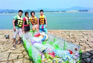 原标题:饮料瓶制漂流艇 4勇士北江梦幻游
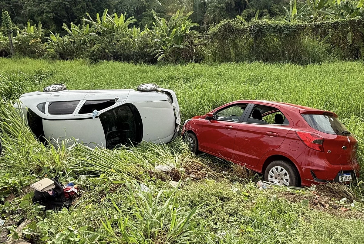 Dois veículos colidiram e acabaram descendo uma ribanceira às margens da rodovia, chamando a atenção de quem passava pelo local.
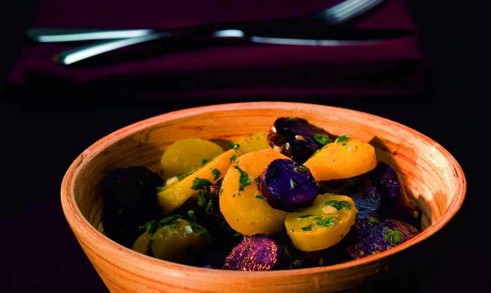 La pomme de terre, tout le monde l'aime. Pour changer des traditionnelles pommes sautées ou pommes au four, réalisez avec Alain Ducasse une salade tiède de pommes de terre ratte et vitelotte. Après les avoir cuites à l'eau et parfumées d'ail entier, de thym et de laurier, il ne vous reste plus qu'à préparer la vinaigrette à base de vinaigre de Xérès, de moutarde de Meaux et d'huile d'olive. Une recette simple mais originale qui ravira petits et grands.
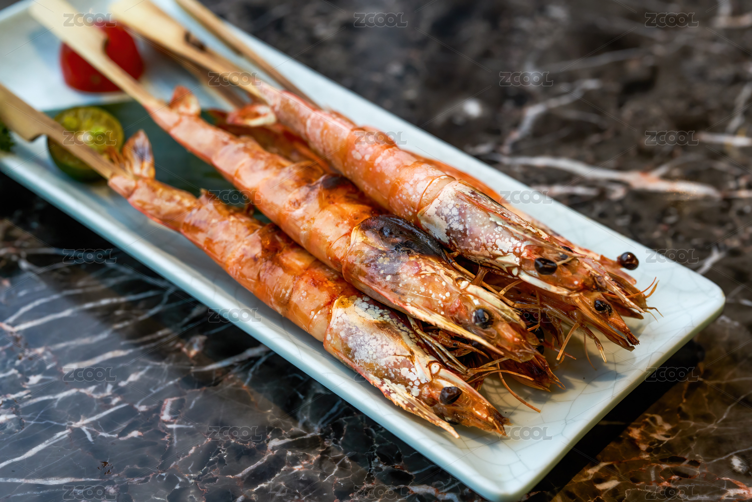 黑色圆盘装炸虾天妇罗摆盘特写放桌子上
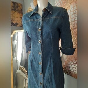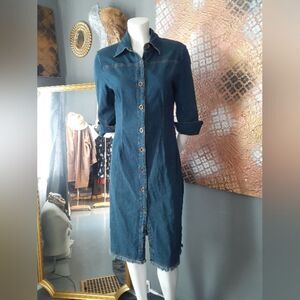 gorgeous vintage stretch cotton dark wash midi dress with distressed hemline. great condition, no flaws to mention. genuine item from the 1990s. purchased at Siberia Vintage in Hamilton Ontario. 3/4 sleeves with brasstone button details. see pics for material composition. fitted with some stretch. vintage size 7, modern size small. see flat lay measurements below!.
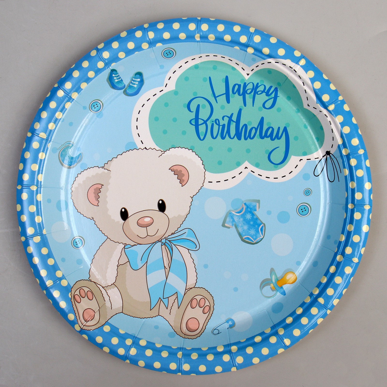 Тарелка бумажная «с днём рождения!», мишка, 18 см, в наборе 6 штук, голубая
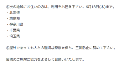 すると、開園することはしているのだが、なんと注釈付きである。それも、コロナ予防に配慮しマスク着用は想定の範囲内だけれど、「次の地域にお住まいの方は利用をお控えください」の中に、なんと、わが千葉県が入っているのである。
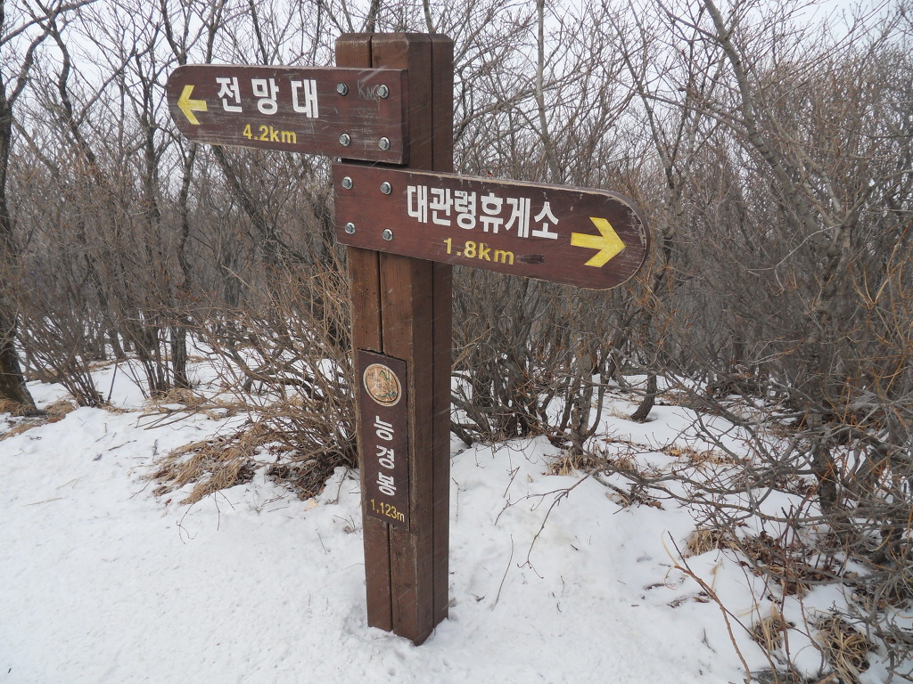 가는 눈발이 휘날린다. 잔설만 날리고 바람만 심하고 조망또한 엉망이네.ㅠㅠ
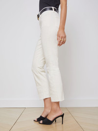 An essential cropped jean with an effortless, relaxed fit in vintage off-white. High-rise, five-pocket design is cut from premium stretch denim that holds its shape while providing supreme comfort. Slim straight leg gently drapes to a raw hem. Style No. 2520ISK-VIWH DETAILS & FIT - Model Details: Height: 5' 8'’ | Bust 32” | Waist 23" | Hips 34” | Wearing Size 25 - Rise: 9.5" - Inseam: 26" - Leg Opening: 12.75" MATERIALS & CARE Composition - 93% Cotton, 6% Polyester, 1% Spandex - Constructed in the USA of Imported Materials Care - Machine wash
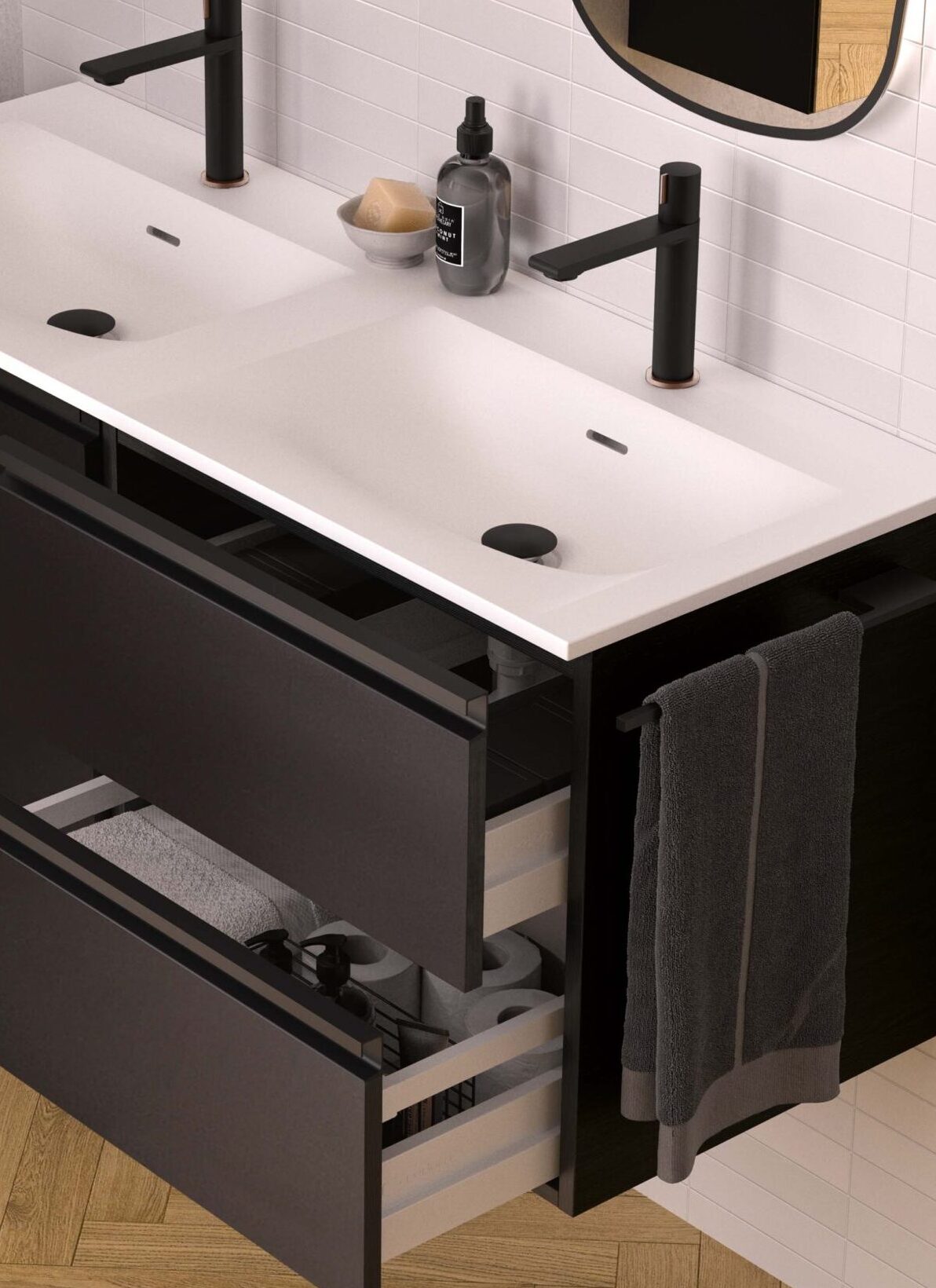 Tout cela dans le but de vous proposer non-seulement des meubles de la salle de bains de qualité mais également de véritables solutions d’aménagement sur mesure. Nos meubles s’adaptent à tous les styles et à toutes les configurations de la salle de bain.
====
TASK BRIEF: Without the pictures, write out every entry exactly as it appears.

ANSWER AREA:
 原标题:饮料瓶制漂流艇 4勇士北江梦幻游
 Dois veículos colidiram e acabaram descendo uma ribanceira às margens da rodovia, chamando a atenção de quem passava pelo local.
 La pomme de terre, tout le monde l'aime. Pour changer des traditionnelles pommes sautées ou pommes au four, réalisez avec Alain Ducasse une salade tiède de pommes de terre ratte et vitelotte. Après les avoir cuites à l'eau et parfumées d'ail entier, de thym et de laurier, il ne vous reste plus qu'à préparer la vinaigrette à base de vinaigre de Xérès, de moutarde de Meaux et d'huile d'olive. Une recette simple mais originale qui ravira petits et grands.
 黑色圆盘装炸虾天妇罗摆盘特写放桌子上
 gorgeous vintage stretch cotton dark wash midi dress with distressed hemline. great condition, no flaws to mention. genuine item from the 1990s. purchased at Siberia Vintage in Hamilton Ontario. 3/4 sleeves with brasstone button details. see pics for material composition. fitted with some stretch. vintage size 7, modern size small. see flat lay measurements below!.
 Тарелка бумажная «с днём рождения!», мишка, 18 см, в наборе 6 штук, голубая
 すると、開園することはしているのだが、なんと注釈付きである。それも、コロナ予防に配慮しマスク着用は想定の範囲内だけれど、「次の地域にお住まいの方は利用をお控えください」の中に、なんと、わが千葉県が入っているのである。
 가는 눈발이 휘날린다. 잔설만 날리고 바람만 심하고 조망또한 엉망이네.ㅠㅠ
 An essential cropped jean with an effortless, relaxed fit in vintage off-white. High-rise, five-pocket design is cut from premium stretch denim that holds its shape while providing supreme comfort. Slim straight leg gently drapes to a raw hem. Style No. 2520ISK-VIWH DETAILS & FIT - Model Details: Height: 5' 8'’ | Bust 32” | Waist 23" | Hips 34” | Wearing Size 25 - Rise: 9.5" - Inseam: 26" - Leg Opening: 12.75" MATERIALS & CARE Composition - 93% Cotton, 6% Polyester, 1% Spandex - Constructed in the USA of Imported Materials Care - Machine wash
 Tout cela dans le but de vous proposer non-seulement des meubles de la salle de bains de qualité mais également de véritables solutions d’aménagement sur mesure. Nos meubles s’adaptent à tous les styles et à toutes les configurations de la salle de bain.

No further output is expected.